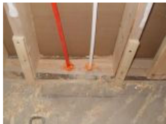
Spray Foam applied at all exterior framing penetrations to ensure a more air tight home.
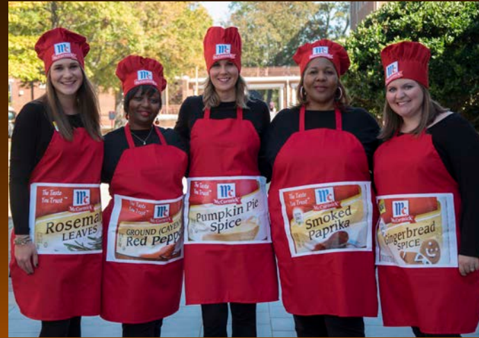
Alumni Relations staff as the "Spice Girls."
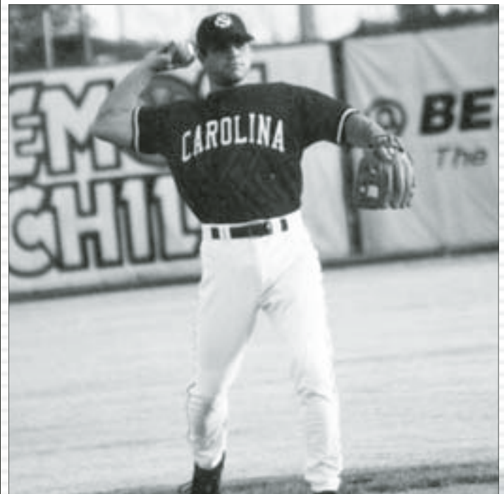
Brian Roberts has spent the last three seasons playing as a member of the Baltimore Orioles.
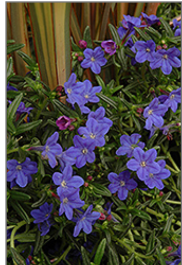
Grace Ward Lithodora in bloom

Grace Ward Lithodora is recommended for the following landscape applications;
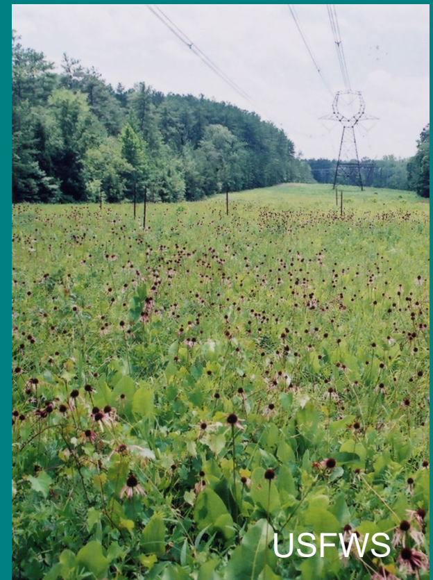
Smooth Coneflower in a ROW
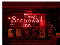
Google Gives Grant to Preserve Oral History of Stonewall Inn
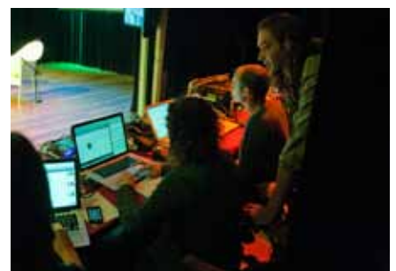
Skype conferentie Culturale Heritage & Shared Knowledge in De Balie, Amsterdam
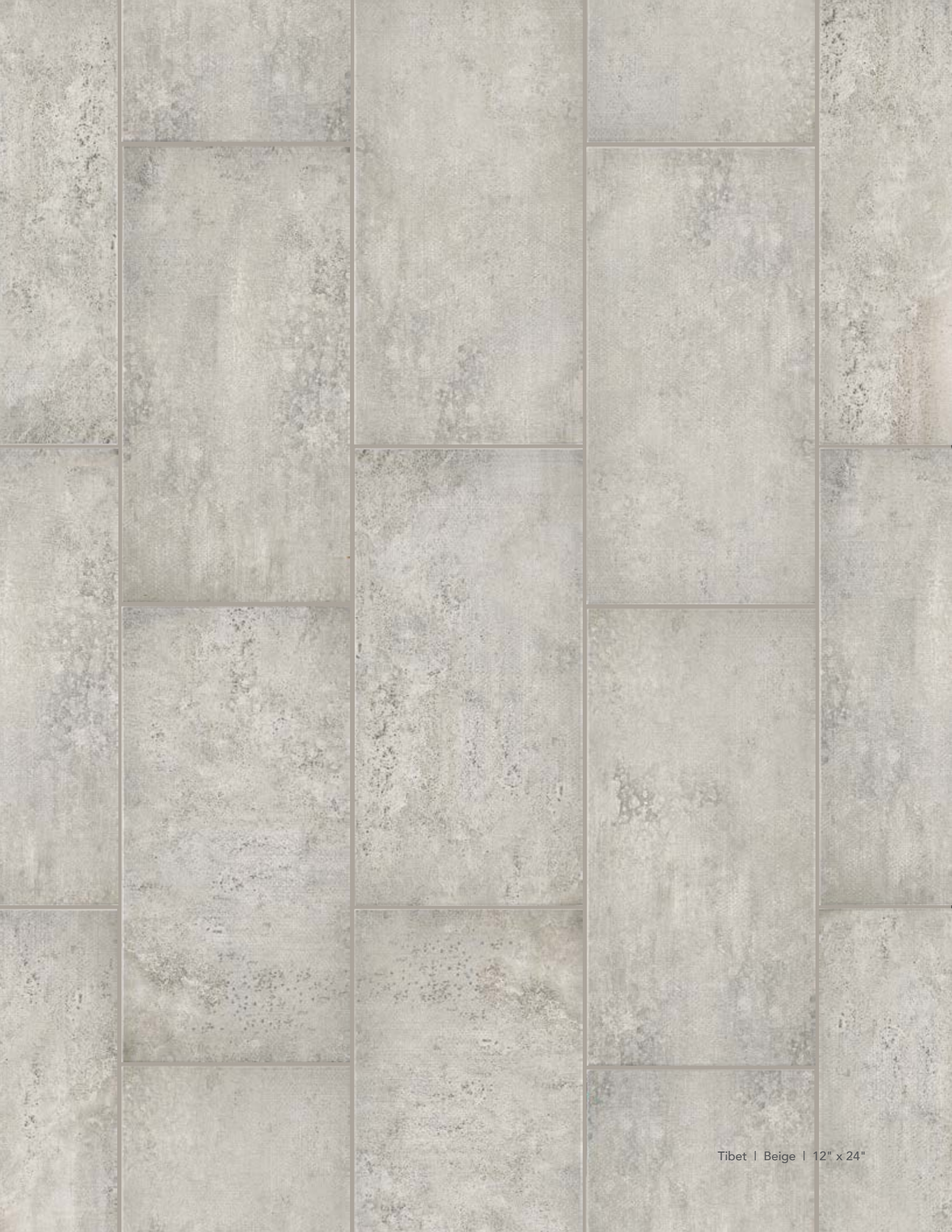
Tibet | Beige | 12" x 24"
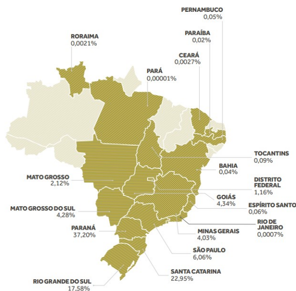
Fig. 1. Brazilian states producers of broiler meat and the corresponding percentage of production in 2017.

It was verified, in the field research carried out, that the farm has an installed capacity of 625 thousand broilers/year, and such production represents 62.7% of broiler production in the municipality of Altos [5]. It was observed that it presents a guarantee of full consumption by the domestic market, confirmed by [3]. The report indicates that the State of Piauí is ranked 18 th in the ranking of broiler production in Brazil, but it is not noted at the national level as an export market, as shown in Figure 1.
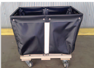
Royal 4 bu. Black Vinyl cart with 4 swivel casters – $100
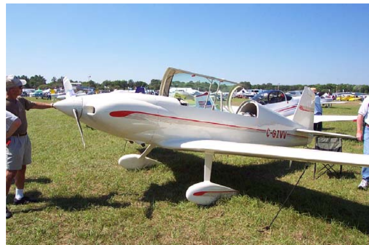
The Nexus Mustang
◇ ◇ ◇
What this task involves: Leaving out the pictures, output the listing above exactly as given.

Your solution:
Spray Foam applied at all exterior framing penetrations to ensure a more air tight home.
Alumni Relations staff as the "Spice Girls."
Brian Roberts has spent the last three seasons playing as a member of the Baltimore Orioles.
Grace Ward Lithodora in bloom

Grace Ward Lithodora is recommended for the following landscape applications;
Smooth Coneflower in a ROW
Google Gives Grant to Preserve Oral History of Stonewall Inn
Skype conferentie Culturale Heritage & Shared Knowledge in De Balie, Amsterdam
Tibet | Beige | 12" x 24"
Fig. 1. Brazilian states producers of broiler meat and the corresponding percentage of production in 2017.

It was verified, in the field research carried out, that the farm has an installed capacity of 625 thousand broilers/year, and such production represents 62.7% of broiler production in the municipality of Altos [5]. It was observed that it presents a guarantee of full consumption by the domestic market, confirmed by [3]. The report indicates that the State of Piauí is ranked 18 th in the ranking of broiler production in Brazil, but it is not noted at the national level as an export market, as shown in Figure 1.
Royal 4 bu. Black Vinyl cart with 4 swivel casters – $100
The Nexus Mustang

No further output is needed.